I think it has to do with the tortilla used as well, Flour for burrito, corn for enchilada.  Closed (wrapped)  vs open for a taco.  Eaten with a fork or handheld.  Small nuances, but I'm in for Chili to school me too lol.


----------



## tallbm (Aug 13, 2019)

gmc2003 said:


> Just curious on the differences between a burrito, taco, fajita, and an enchilada? We don't have a strong Mexican presence in my part of the world. So my only experiences with the above is either from Taco Bell or from the pre-packaged stuff in the grocers. All of the Mexican posts here look fantastic, except I still don't really know what the difference is except for the shell or wrap. Is it just the shell/wrap and type of sauce used only or is there more to it?
> 
> Chris



Great question!  As a teenager I would go to Taco Bell and not know what the hell they were serving because what they call things didn't make sense to the traditional Mexican and Tex-Mex food cooked in our household almost daily lol.

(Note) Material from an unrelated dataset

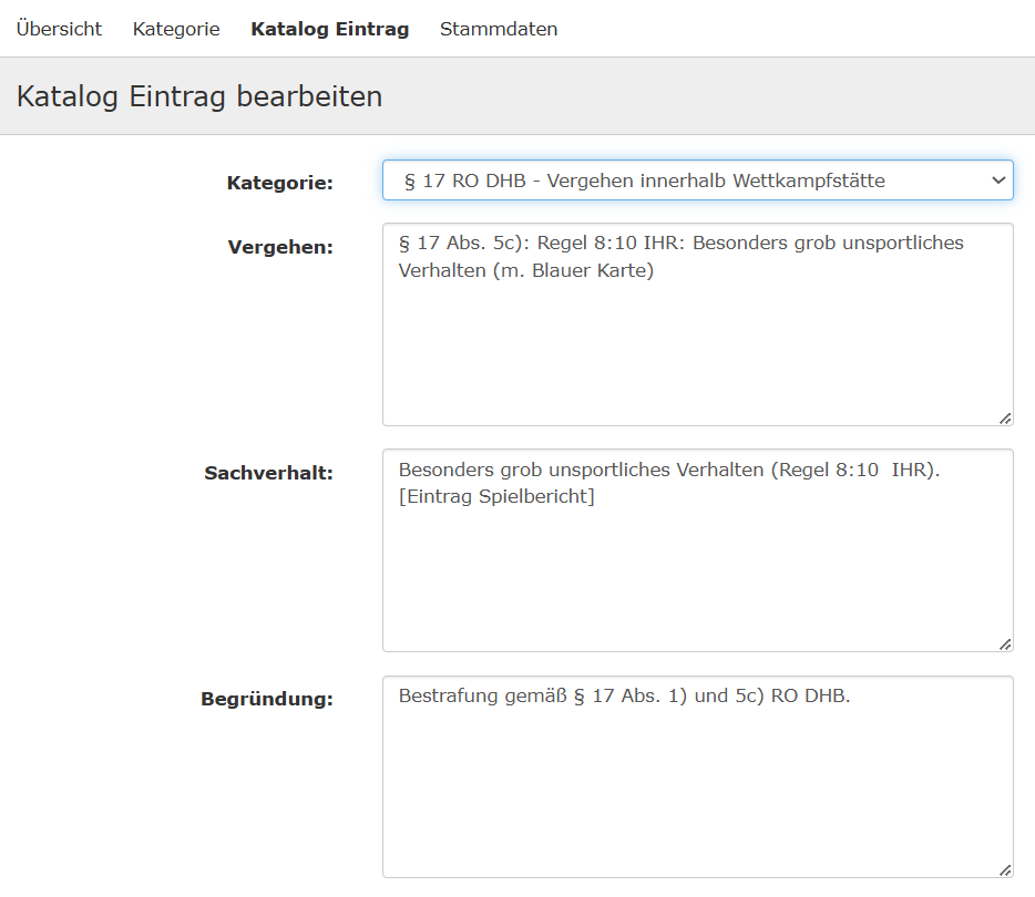 Sofern ein Spieler während des Spiels eine blaue Karte erhält, handelt es sich hier um §17 der Rechtsordnung des DHB (Vergehen innerhalb Wettkampfstätte). Diese Kategorie wird bei Einsatz des Gebührenmoduls bereits vorausgeliefert. Nachdem die Kategorien festgelegt wurden kann jetzt in einem weiteren Schritt der detaillierte Katalog zu den jeweiligen Kategorien hinterlegt werden. Dies erfolgt unter dem Menüpunkt Katalog Eintrag.

*Taco* - basically anything/everything you put in a corn or flower tortilla and eat.  Hard shell tacos are basically an anomaly and I'm not sure how they came about but they basically follow the same logic BUT the corn tortilla has been fried and shaped to be crispy and hard.

In Mexico they primarily ate corn tortillas and it was rare to see a flour tortilla in the parts we used to visit and vacation in... at least a long while ago.

*Burrito *- basically the same as a flour tortilla taco so this would confuse me as a kid.  The most distinguishing difference is that it is usually completely wrapped especially on the ends where a taco has open ends and can be open on top.  

In common US culture a burrito is still a completely wrapped flour tortilla "taco" BUT now they are GIANT and can have everything under the sun in them.  I've heard it claimed that burritos almost always have beans in them but again you can put anything you want in them so that is not a hard rule.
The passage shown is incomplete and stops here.